#### Task objective:
Keep the text of the data exactly as it is and omit each picture from the copy.

Records drawn from a dataset:
------------------------------------

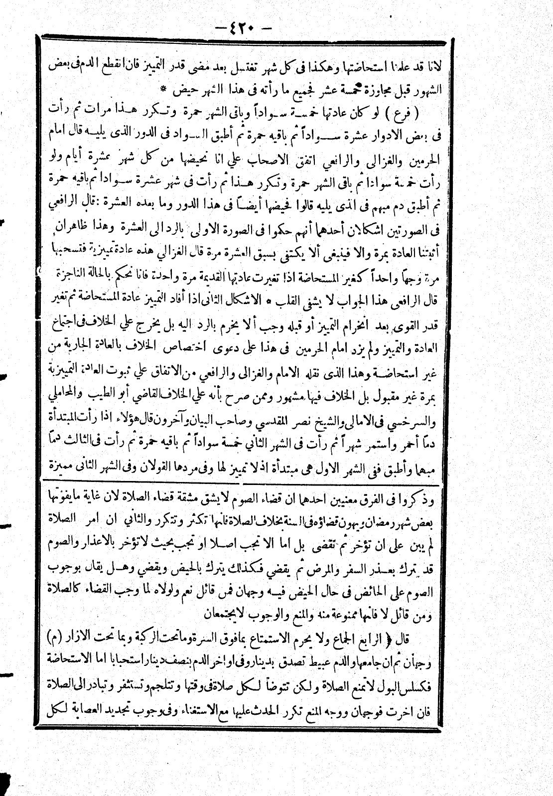 الصوم على الحائض في حال الحيض فيه وجهان فمن قائل نعم ولولاه لما وجب القضاء كالصلاة ومن قائل لا فانها ممنوعة منه والمنع والوجوب لا يجتمعان قال [الرابع الجماع ولا يحرم الاستمتاع بما فوق السرة وما تحت الركبة وبما تحت الازار (م) وجهان ثم ان جامعها والدم عبيط تصدق بدينار وفى اواخر الدم بنصف دينار استحبابا اما الاستحاضة فكسلس البول لا تمنع الصلاة ولكن تتوضأ لكل صلاة في وقتها وتتلجم وتستثفر وتبادر إلى الصلاة فان اخرت فوجهان ووجه المنع تكرر الحدث عليها مع الاستغناء وفى وجوب تجديد العصابة لكل]
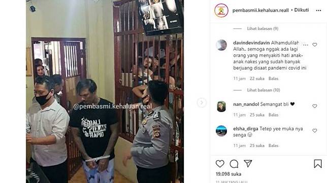 Di hari pertama penahanan pria bernama i gede ari astina itu langsung dijenguk istrinya.
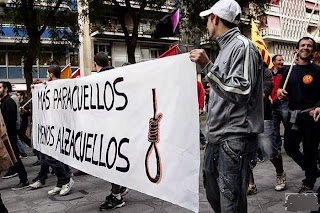 Lo comento porque efectivamente si tiramos de ley (que remedio) puede ser perfectamente apologia del terror. Pero, se entero la autoridad de la manifestacion? se entero de un lema tan agresivo y claramente terrorista? Si no se entero, no me extranaria, ya que segun se ve son cuatro gatos. Aun asi, sigue siendo claramente una defensa del terrror. Por lo que quien sea, que este cerca, debe denunciar un atropello.
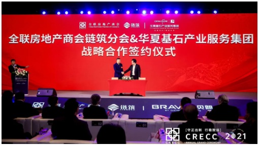 全聯(lián)房地產(chǎn)商會(huì)黨支部書(shū)記、秘書(shū)長(zhǎng)、鏈筑分會(huì)會(huì)長(zhǎng)趙正挺先生;華夏基石產(chǎn)業(yè)服務(wù)集團(tuán)CEO張文鋒先生一同上臺(tái)為全聯(lián)房地產(chǎn)商會(huì)鏈筑分會(huì)-華夏基石產(chǎn)業(yè)服務(wù)集團(tuán)—戰(zhàn)略合作簽約。
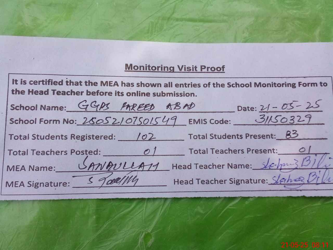 | Attendance Register | Head Teacher | MEA with School | Visit Proof |
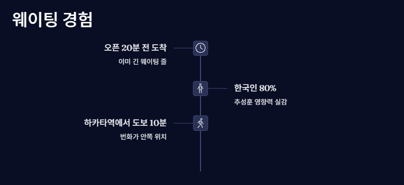 ‘추성훈 후쿠오카 맛집’으로 떠오른 만큼, 요즘은 웨이팅도 더 길어졌대요. 저녁시간엔 특히 줄이 더 길다고 하니까, 가능하면 점심 타임에 맞춰 가보세요.
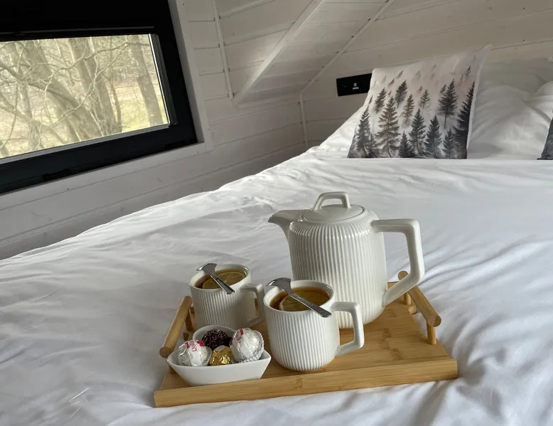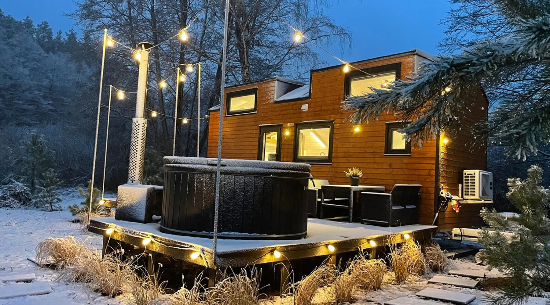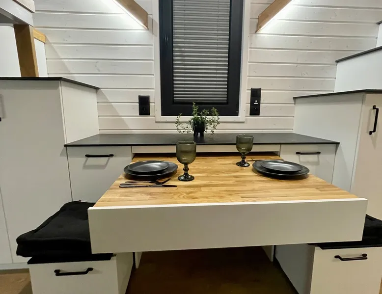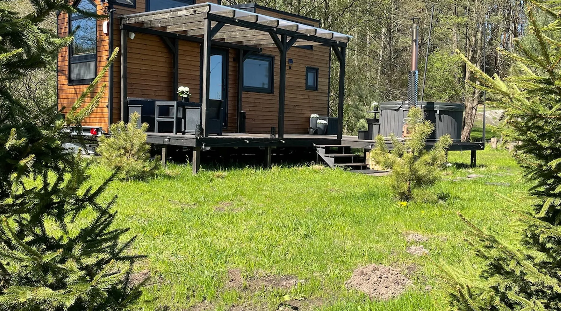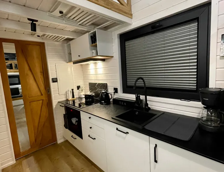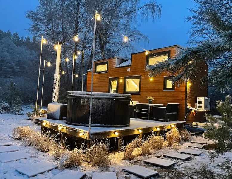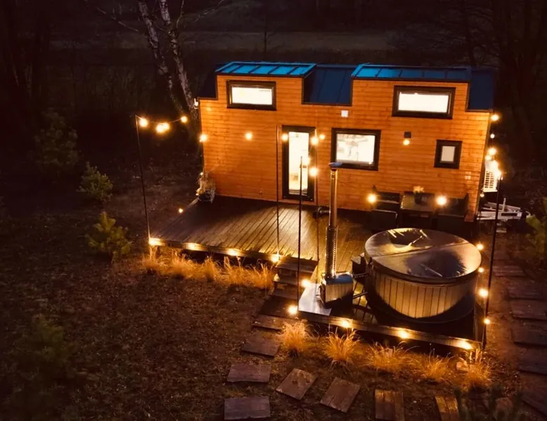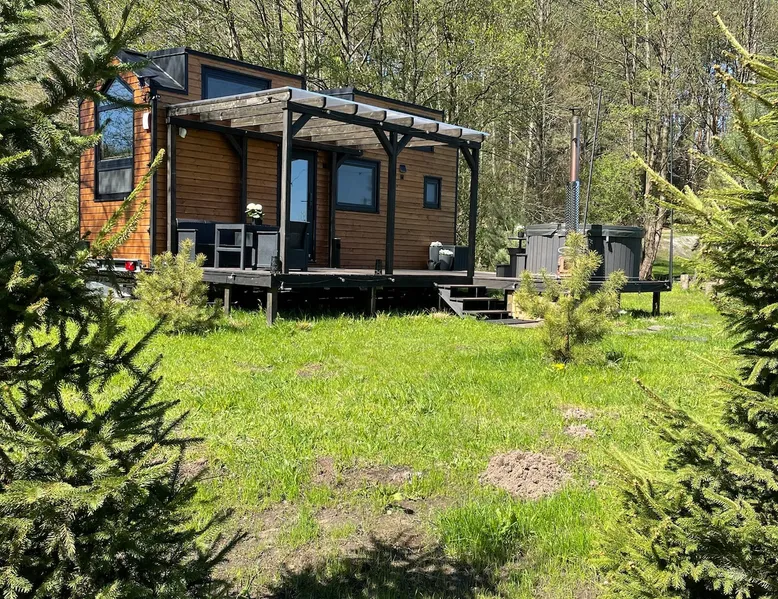 Tiny Silent House is the perfect place to escape the hustle and bustle of the city. This cottage will delight you with its charm and tranquility. It is surrounded by beautiful nature where you can rest and recharge. The house is fully equipped with everything needed for a comfortable stay, from a tastefully decorated bedroom to a cozy lounge. You can also use the lovely terrace and *hot tub where you can enjoy the fresh air and beautiful views . The space Hello, I would like to show you Tiny house in the highest quality workmanship. Our tiny house is designed as functional as possible so that the user doesn't run out of anything they don't have in their own home. Despite the small space, we have a room with a lockable door with a sofa bed where we can read a book or watch a TV. Fully equipped kitchen and dining area. In addition, on the landing, there is a living room with beautiful views of the landscapes and the possibility of relaxing in front of the TV. There is also a bedroom on the first floor - for 2 people , where you can feel the atmosphere outside the windows : trees , forests , nature . :) Guest access As a standard, there is a cottage with a terrace , a hot tub is charged extra. First session 200zl ,every next day 100 zlotys . During the period from May to August inclusive, booking only for entire weekends ( minimum 3 nights ) There is a free fire pit near the property. The heat collected by yourself in the forest is also free , we can also prepare a tree for a fee of 50 zł . Other things to note TINY SILENT HOUSE RULES: §1 RESERVATION AND PAYMENTS 1. These Rules set out the terms and conditions under which Tiny Silent House can be booked and rented. Making a reservation is tantamount to accepting the provisions of these Terms. The rules are an integral part of the contract. At the time of booking (payment of 30% of the entire stay) the rental agreement is deemed to have been concluded. The rules cover all guests of the cottages and others on the property. Compliance with the rules by you and other guests ensure you have a peaceful and safe stay. 2. The agreed initial booking (by phone or email) must be confirmed by paying the amount of the deposit referred to in point 1 within 3 days (send a confirmation of the transfer by email). Failure to pay for the above dates results in the cancellation of the initial reservation. 3. By making a reservation, the Landlord agrees to the processing of personal data only for the purpose of completing the reservation and fulfilling the check-in obligation in accordance with the provisions of the Personal Data Protection Act. The Reservationer has the right to inspect and update their personal information. 4. The cost of the stay is determined individually for each client and depends on the length of stay, number of people, dates of stay, etc. 5. The cost of the stay includes: – Accommodation with the possibility of using all the equipment . 6. Payment of the deposit by the Landlord means that he/she accepts the lease rules in question. 7. The remaining amount for the stay is paid by the Landlord by bank transfer before arrival, in cash on the day of arrival when collecting the keys. 8. In the event of a change in the dates of the reservation by the Landlord or the total cancellation of the stay for reasons beyond our control, the deposit is non-refundable. 9. The booking person is fully responsible for the persons staying with them. 10. In the event of lost keys, the Landlord pays a fee of PLN 50. §2 ACCOMMODATION AND HOUSE RULES 1. Check-in time is 3:00 PM (check-in) and check-out time is 11:00 AM (checkout). We need to have time to clean and prepare the cottage for the next guests. 2. If it is not possible to arrive at a specific time, the Landlord is obliged to immediately notify by phone. 3. The Landlord is obliged on the day of arrival when collecting the keys to pay the entire amount for the stay. 4. The arrival of the Guest after the start of the hotel day (personal reasons, communication difficulties, etc.) does not affect the amount of the fee due. 5. In the event of a shortening of the stay by the Landlord, the amount for the unused period is not refunded. 6. It is possible to extend the stay only in the absence of prior reservation of the cottage by other customers. 7. If the night is exceeded, the Landlord will be charged for the next night without the possibility of occupying the cottage. 8. The Landlord may not delegate to another person the right to use the cottage they occupy. 9. Accommodation and check-out takes place in the presence of the Owner or an authorized person. 10. The owner reserves the right to refuse to book or check in a person who has previously grossly violated the Rules or destroyed the property of the property. 11. The maximum number of Guests in the cottage regardless of age is 5 people. 12. In the event of exceeding the declared number of persons using the Cottage (without the consent and knowledge of the Owner or the authorized person), the Owner reserves the right to immediately terminate the agreement with all consequences without the need to refund the previously paid fee. 13. The Landlord upon arrival, but before moving in, is obliged to pick up the Cottage, i.e. check furniture, windows, shower and other appliances and equipment located in the Cottage. 14. Notes regarding damage, damage must be reported immediately to the Owner or authorized person. The owner allows for damage to the so-called hidden, but only in the invisible elements. No comments from the Landlord about such damage within 4 hours after receiving the keys means that the Landlord has no objections and all appliances and furniture are in good condition. 15. The Landlord is financially responsible for damage to the Cottage during its stay and agrees that any repairs of damage, supplementation of equipment deficiencies or troubleshooting are carried out at its expense. 16. The users of the facility are obliged to comply with the 
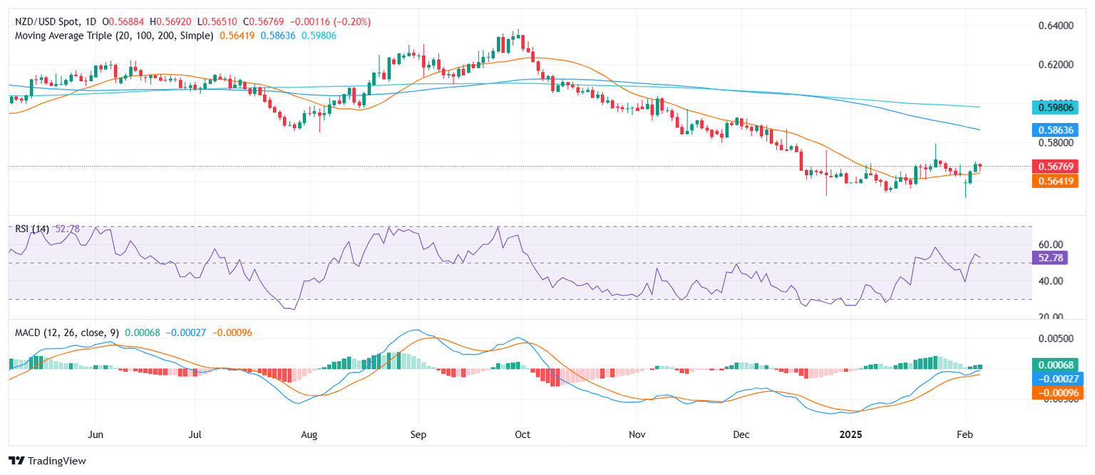De cara al futuro, mientras el NZD/USD se mantenga por encima de la SMA de 20 días, actualmente cerca de 0.5640, el sesgo alcista general permanece intacto. Una ruptura sostenida por encima de 0.5700 podría desencadenar más alzas hacia 0.5735, mientras que un cierre por debajo de la SMA podría exponer al par a un retroceso más profundo hacia 0.5600.

------------------------------------

#### Your solution:
 الصوم على الحائض في حال الحيض فيه وجهان فمن قائل نعم ولولاه لما وجب القضاء كالصلاة ومن قائل لا فانها ممنوعة منه والمنع والوجوب لا يجتمعان قال [الرابع الجماع ولا يحرم الاستمتاع بما فوق السرة وما تحت الركبة وبما تحت الازار (م) وجهان ثم ان جامعها والدم عبيط تصدق بدينار وفى اواخر الدم بنصف دينار استحبابا اما الاستحاضة فكسلس البول لا تمنع الصلاة ولكن تتوضأ لكل صلاة في وقتها وتتلجم وتستثفر وتبادر إلى الصلاة فان اخرت فوجهان ووجه المنع تكرر الحدث عليها مع الاستغناء وفى وجوب تجديد العصابة لكل]
 Di hari pertama penahanan pria bernama i gede ari astina itu langsung dijenguk istrinya.
 Lo comento porque efectivamente si tiramos de ley (que remedio) puede ser perfectamente apologia del terror. Pero, se entero la autoridad de la manifestacion? se entero de un lema tan agresivo y claramente terrorista? Si no se entero, no me extranaria, ya que segun se ve son cuatro gatos. Aun asi, sigue siendo claramente una defensa del terrror. Por lo que quien sea, que este cerca, debe denunciar un atropello.
 全聯(lián)房地產(chǎn)商會(huì)黨支部書(shū)記、秘書(shū)長(zhǎng)、鏈筑分會(huì)會(huì)長(zhǎng)趙正挺先生;華夏基石產(chǎn)業(yè)服務(wù)集團(tuán)CEO張文鋒先生一同上臺(tái)為全聯(lián)房地產(chǎn)商會(huì)鏈筑分會(huì)-華夏基石產(chǎn)業(yè)服務(wù)集團(tuán)—戰(zhàn)略合作簽約。
 | Attendance Register | Head Teacher | MEA with School | Visit Proof |
 ‘추성훈 후쿠오카 맛집’으로 떠오른 만큼, 요즘은 웨이팅도 더 길어졌대요. 저녁시간엔 특히 줄이 더 길다고 하니까, 가능하면 점심 타임에 맞춰 가보세요.
 Tiny Silent House is the perfect place to escape the hustle and bustle of the city. This cottage will delight you with its charm and tranquility. It is surrounded by beautiful nature where you can rest and recharge. The house is fully equipped with everything needed for a comfortable stay, from a tastefully decorated bedroom to a cozy lounge. You can also use the lovely terrace and *hot tub where you can enjoy the fresh air and beautiful views . The space Hello, I would like to show you Tiny house in the highest quality workmanship. Our tiny house is designed as functional as possible so that the user doesn't run out of anything they don't have in their own home. Despite the small space, we have a room with a lockable door with a sofa bed where we can read a book or watch a TV. Fully equipped kitchen and dining area. In addition, on the landing, there is a living room with beautiful views of the landscapes and the possibility of relaxing in front of the TV. There is also a bedroom on the first floor - for 2 people , where you can feel the atmosphere outside the windows : trees , forests , nature . :) Guest access As a standard, there is a cottage with a terrace , a hot tub is charged extra. First session 200zl ,every next day 100 zlotys . During the period from May to August inclusive, booking only for entire weekends ( minimum 3 nights ) There is a free fire pit near the property. The heat collected by yourself in the forest is also free , we can also prepare a tree for a fee of 50 zł . Other things to note TINY SILENT HOUSE RULES: §1 RESERVATION AND PAYMENTS 1. These Rules set out the terms and conditions under which Tiny Silent House can be booked and rented. Making a reservation is tantamount to accepting the provisions of these Terms. The rules are an integral part of the contract. At the time of booking (payment of 30% of the entire stay) the rental agreement is deemed to have been concluded. The rules cover all guests of the cottages and others on the property. Compliance with the rules by you and other guests ensure you have a peaceful and safe stay. 2. The agreed initial booking (by phone or email) must be confirmed by paying the amount of the deposit referred to in point 1 within 3 days (send a confirmation of the transfer by email). Failure to pay for the above dates results in the cancellation of the initial reservation. 3. By making a reservation, the Landlord agrees to the processing of personal data only for the purpose of completing the reservation and fulfilling the check-in obligation in accordance with the provisions of the Personal Data Protection Act. The Reservationer has the right to inspect and update their personal information. 4. The cost of the stay is determined individually for each client and depends on the length of stay, number of people, dates of stay, etc. 5. The cost of the stay includes: – Accommodation with the possibility of using all the equipment . 6. Payment of the deposit by the Landlord means that he/she accepts the lease rules in question. 7. The remaining amount for the stay is paid by the Landlord by bank transfer before arrival, in cash on the day of arrival when collecting the keys. 8. In the event of a change in the dates of the reservation by the Landlord or the total cancellation of the stay for reasons beyond our control, the deposit is non-refundable. 9. The booking person is fully responsible for the persons staying with them. 10. In the event of lost keys, the Landlord pays a fee of PLN 50. §2 ACCOMMODATION AND HOUSE RULES 1. Check-in time is 3:00 PM (check-in) and check-out time is 11:00 AM (checkout). We need to have time to clean and prepare the cottage for the next guests. 2. If it is not possible to arrive at a specific time, the Landlord is obliged to immediately notify by phone. 3. The Landlord is obliged on the day of arrival when collecting the keys to pay the entire amount for the stay. 4. The arrival of the Guest after the start of the hotel day (personal reasons, communication difficulties, etc.) does not affect the amount of the fee due. 5. In the event of a shortening of the stay by the Landlord, the amount for the unused period is not refunded. 6. It is possible to extend the stay only in the absence of prior reservation of the cottage by other customers. 7. If the night is exceeded, the Landlord will be charged for the next night without the possibility of occupying the cottage. 8. The Landlord may not delegate to another person the right to use the cottage they occupy. 9. Accommodation and check-out takes place in the presence of the Owner or an authorized person. 10. The owner reserves the right to refuse to book or check in a person who has previously grossly violated the Rules or destroyed the property of the property. 11. The maximum number of Guests in the cottage regardless of age is 5 people. 12. In the event of exceeding the declared number of persons using the Cottage (without the consent and knowledge of the Owner or the authorized person), the Owner reserves the right to immediately terminate the agreement with all consequences without the need to refund the previously paid fee. 13. The Landlord upon arrival, but before moving in, is obliged to pick up the Cottage, i.e. check furniture, windows, shower and other appliances and equipment located in the Cottage. 14. Notes regarding damage, damage must be reported immediately to the Owner or authorized person. The owner allows for damage to the so-called hidden, but only in the invisible elements. No comments from the Landlord about such damage within 4 hours after receiving the keys means that the Landlord has no objections and all appliances and furniture are in good condition. 15. The Landlord is financially responsible for damage to the Cottage during its stay and agrees that any repairs of damage, supplementation of equipment deficiencies or troubleshooting are carried out at its expense. 16. The users of the facility are obliged to comply with the 
De cara al futuro, mientras el NZD/USD se mantenga por encima de la SMA de 20 días, actualmente cerca de 0.5640, el sesgo alcista general permanece intacto. Una ruptura sostenida por encima de 0.5700 podría desencadenar más alzas hacia 0.5735, mientras que un cierre por debajo de la SMA podría exponer al par a un retroceso más profundo hacia 0.5600.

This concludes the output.